Next, Andrew T. Levin (Professor of Economics, Dartmouth College) examined the efficacy of proposed "make-up strategies" through which the Fed could compensate for prior failures to achieve its policy goals. Levin cautioned that make-up strategies are inherently risky, for three key reasons. First, the public may not trust the Fed to carry through on a given make-up strategy, rendering the Fed's policy changes impotent. Second, and relatedly, is the challenge of "imperfect credibility." The less credible a central bank is, the less capable it will be of influencing market behavior. Finally, Levin pointed to "model uncertainty." Any make-up strategy the Fed might adopt would rely to some degree on economic modeling. But models are not mirrors of reality, and can at best only estimate the results of policy decisions.

Charles W. Calomiris (Henry Kaufman Professor of Financial Institutions, Columbia Business School) began his presentation with what he called an "optimistic prediction": that central bank transparency is likely to improve, rather than deteriorate, in the near future. Calomiris attributed his rosy outlook to the phenomenon of natural language processing (NLP) software, which can detect characteristic markers of obfuscation in one's speech or writing. Using NLP techniques like Fleish-Kincaid and "prattle scores," Calomiris showed, we can now highlight vague, meaningless, or redundant language in Fed policy statements. He also explained that our lack of a systematic policy framework disincentivizes transparency, by making central bankers shy away from accountability.
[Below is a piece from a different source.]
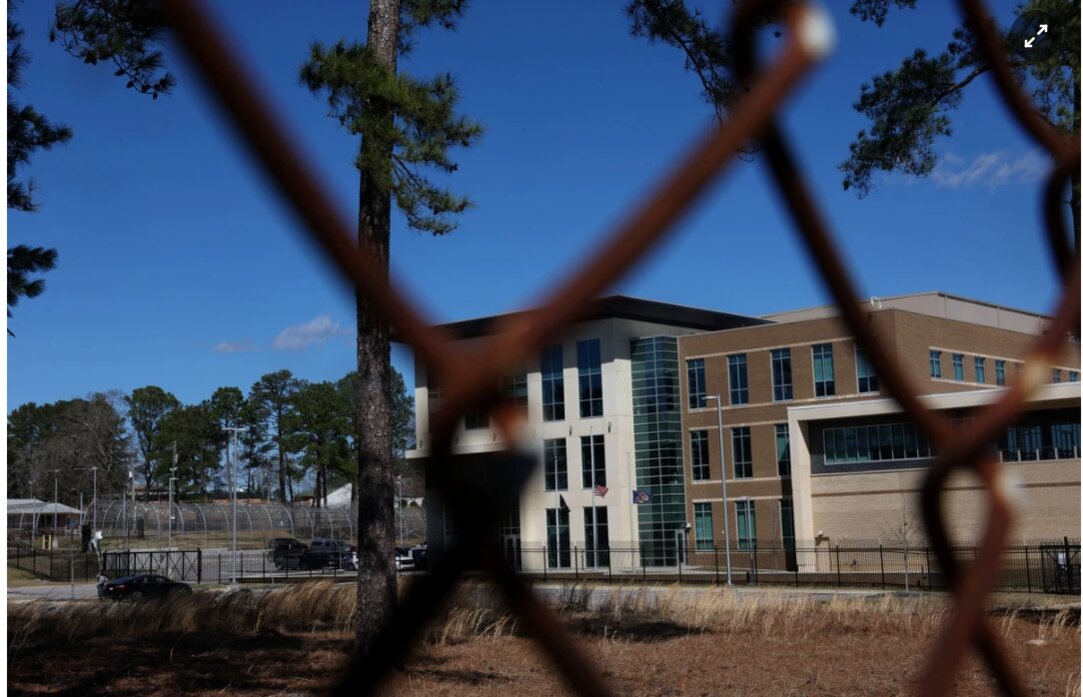 Trụ sở Sở Cải huấn Nam Carolina (SCDC) xuất hiện sau hàng rào thép gai, nơi tử tù Brad Sigmon bị xử bắn tại Nhà tù Broad River, Columbia, Nam Carolina (Mỹ). Ảnh: Reuters.

As a result, many of the Fed's policy statements are reprisals of those prior, and contain language that can be interpreted to coincide with any outcome. NLP is likely to become more popular and advanced in the coming years, Calomiris predicted, especially in a monetary system like ours where "the policy statement is the policy."

Panel 4: Creating an Optimal Monetary System for a Free Society

The final panel of the day looked forward, with speakers considering the optimal monetary system for a free society. Bloomberg Businessweek's economics editor Peter Coy engaged panelists in a conversation about banking regulation, monetary stability, and the path to a more efficient operating framework.

George Selgin (Director of Cato's Center for Monetary and Financial Alternatives) began by asking: can markets handle money better than central banks can? "In one sense, definitely yes," said Selgin, but added the caveat: "when you let them." Historically, banking has been a highly regulated sector. Yet Selgin pointed to cases—such as the Scottish and Canadian free banking eras—where deregulation of the banking sector heightened monetary stability and improved trust in the markets. Selgin also noted that many of the deregulation "horror stories" touted out today fail to mention the outsized role that misguided regulations have played in creating, or prolonging, financial crises throughout history. In many cases, over- or improperly regulated banks have been and remain "the main source of banking instability. Certainly, that's been true in the United States," he said. Selgin also discussed the role that our present fiat dollar should have under an ideal operating framework. While one school of thought insists that fiat currency should be eliminated outright, he cautioned that the free market does not have a particularly good track record when it comes to creating money from scratch. Instead, he suggested, the value of the dollar should be tied to a predetermined monetary rule. Tying its value to something like a gold standard would be more difficult than a quantity rule, he said. The latter at least has "the merit of being possible in an age where trust in convertibility contracts," and the banking system in general, continues to depreciate.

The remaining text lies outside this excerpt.